-- RECORDED INFORMATION follows --
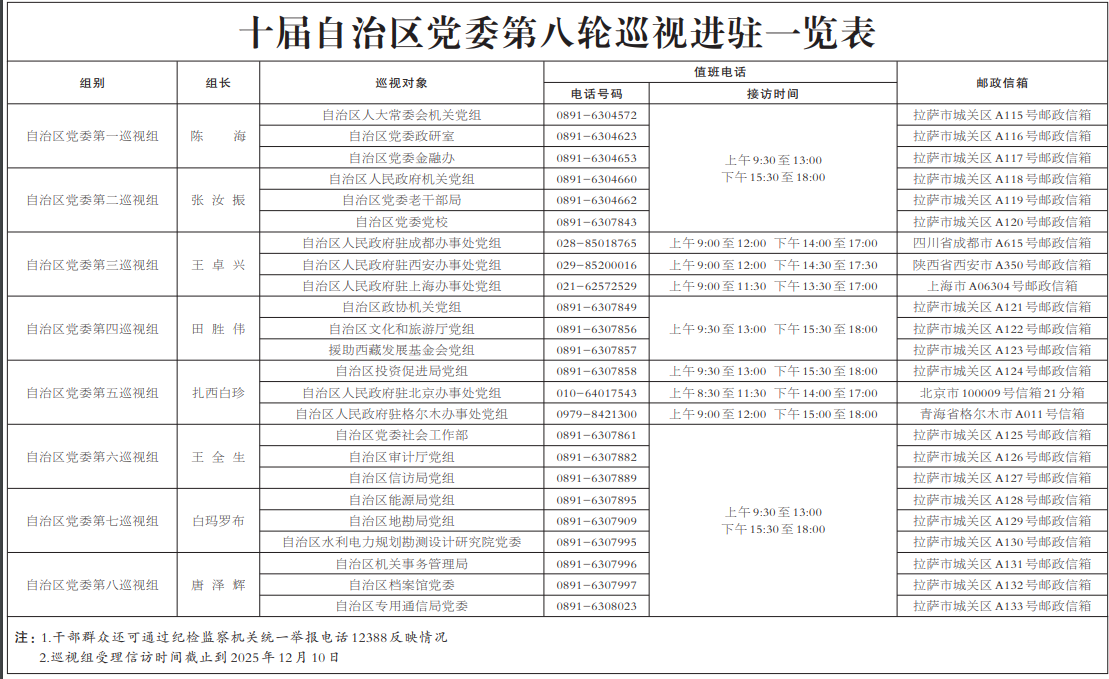 根據(jù)自治區(qū)黨委關(guān)于巡視工作的統(tǒng)一部署,截至10月24日,十屆自治區(qū)黨委第八輪巡視完成進(jìn)駐工作。自治區(qū)黨委巡視組將對(duì)自治區(qū)人大常委會(huì)機(jī)關(guān)、政府機(jī)關(guān)、政協(xié)機(jī)關(guān),自治區(qū)黨委社會(huì)工作部、政研室、金融辦、老干部局、機(jī)關(guān)事務(wù)管理局、黨校,自治區(qū)審計(jì)廳、信訪局、能源局、投資促進(jìn)局、地勘局、檔案館、專用通信局、水利電力規(guī)劃勘測(cè)設(shè)計(jì)研究院,自治區(qū)人民政府駐北京辦事處、駐成都辦事處、駐西安辦事處、駐上海辦事處、駐格爾木辦事處,援助西藏發(fā)展基金會(huì)等23個(gè)區(qū)直單位黨組織開展常規(guī)巡視;對(duì)自治區(qū)文化和旅游廳黨組開展巡視“回頭看”。
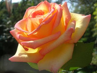 Цветки желтые, с яркой малиново-красной каймой, переход цвета сочетается мягко и изящно, и цветок выглядит очень нежным. Цветки с высоким центром, классической формы чайно-гибридной розы. Цветет в течение всего сезона с небольшим перерывом. Сорт неприхотлив в уходе.
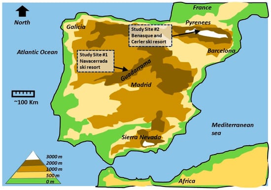 Spain is not a country known for its mountains and winter conditions but rather for its artistic culture, folklore, and beaches. However, it is worth highlighting some little-known aspects about the country: Its average altitude (average elevation) is 660 m.a.s.l. (meters above sea level), making it the eleventh most mountainous nation in Europe. For example, Austria’s average altitude is 910 m.a.s.l, and France’s is 375 m.a.s.l. []. Spain is crossed by a large number of mountain ranges, including the Pyrenees with 217 peaks over 3000 m.a.s.l. [] (some of which have small glaciers). The Sierra Nevada is a mountain range in southern Spain and includes the Mulhacén summit, which at 3479 m.a.s.l., is the highest mountain in Europe outside the Caucasus and the Alps []. Although much of Spain has a Mediterranean climate with hot summers and relatively mild winters, the north has an Atlantic climate that is influenced by storms from northern Europe, which often leave significant snowfall in the mountains. The interior of the peninsula has a non-extreme continental climate; low temperatures can be reached with significant frosts for several months of the year. The lowest temperature recorded in Spain in a non-mountainous and inhabited area was −30 °C (recorded in December 1963 in Calamocha in Teruel) []. The coldest measurement made at an official weather station was −32 °C as recorded at Estany Gento in the Lleida Pyrenees in February 1956. The Philomena storm in January 2021 set the record for a non-official weather station measurement with −34 °C measured at the Baqueira Beret ski resort in the Pyrenees []. There are 30 Spanish alpine ski resorts [] (15 in the Pyrenees, 7 in the Cantabrian Mountains, 4 in the Iberian System, and 4 in the Central System and the Sierra Nevada). This final range is the southernmost range in Europe and the highest in Spain—and from whose peaks the Strait of Gibraltar and Africa are visible.
-- RECORDED INFORMATION concluded --
#### WHAT IS BEING ASKED
Would you return the whole listing above exactly as written, skipping any image?

#### ANSWER TO THIS TASK
 根據(jù)自治區(qū)黨委關(guān)于巡視工作的統(tǒng)一部署,截至10月24日,十屆自治區(qū)黨委第八輪巡視完成進(jìn)駐工作。自治區(qū)黨委巡視組將對(duì)自治區(qū)人大常委會(huì)機(jī)關(guān)、政府機(jī)關(guān)、政協(xié)機(jī)關(guān),自治區(qū)黨委社會(huì)工作部、政研室、金融辦、老干部局、機(jī)關(guān)事務(wù)管理局、黨校,自治區(qū)審計(jì)廳、信訪局、能源局、投資促進(jìn)局、地勘局、檔案館、專用通信局、水利電力規(guī)劃勘測(cè)設(shè)計(jì)研究院,自治區(qū)人民政府駐北京辦事處、駐成都辦事處、駐西安辦事處、駐上海辦事處、駐格爾木辦事處,援助西藏發(fā)展基金會(huì)等23個(gè)區(qū)直單位黨組織開展常規(guī)巡視;對(duì)自治區(qū)文化和旅游廳黨組開展巡視“回頭看”。
 Цветки желтые, с яркой малиново-красной каймой, переход цвета сочетается мягко и изящно, и цветок выглядит очень нежным. Цветки с высоким центром, классической формы чайно-гибридной розы. Цветет в течение всего сезона с небольшим перерывом. Сорт неприхотлив в уходе.
 Spain is not a country known for its mountains and winter conditions but rather for its artistic culture, folklore, and beaches. However, it is worth highlighting some little-known aspects about the country: Its average altitude (average elevation) is 660 m.a.s.l. (meters above sea level), making it the eleventh most mountainous nation in Europe. For example, Austria’s average altitude is 910 m.a.s.l, and France’s is 375 m.a.s.l. []. Spain is crossed by a large number of mountain ranges, including the Pyrenees with 217 peaks over 3000 m.a.s.l. [] (some of which have small glaciers). The Sierra Nevada is a mountain range in southern Spain and includes the Mulhacén summit, which at 3479 m.a.s.l., is the highest mountain in Europe outside the Caucasus and the Alps []. Although much of Spain has a Mediterranean climate with hot summers and relatively mild winters, the north has an Atlantic climate that is influenced by storms from northern Europe, which often leave significant snowfall in the mountains. The interior of the peninsula has a non-extreme continental climate; low temperatures can be reached with significant frosts for several months of the year. The lowest temperature recorded in Spain in a non-mountainous and inhabited area was −30 °C (recorded in December 1963 in Calamocha in Teruel) []. The coldest measurement made at an official weather station was −32 °C as recorded at Estany Gento in the Lleida Pyrenees in February 1956. The Philomena storm in January 2021 set the record for a non-official weather station measurement with −34 °C measured at the Baqueira Beret ski resort in the Pyrenees []. There are 30 Spanish alpine ski resorts [] (15 in the Pyrenees, 7 in the Cantabrian Mountains, 4 in the Iberian System, and 4 in the Central System and the Sierra Nevada). This final range is the southernmost range in Europe and the highest in Spain—and from whose peaks the Strait of Gibraltar and Africa are visible.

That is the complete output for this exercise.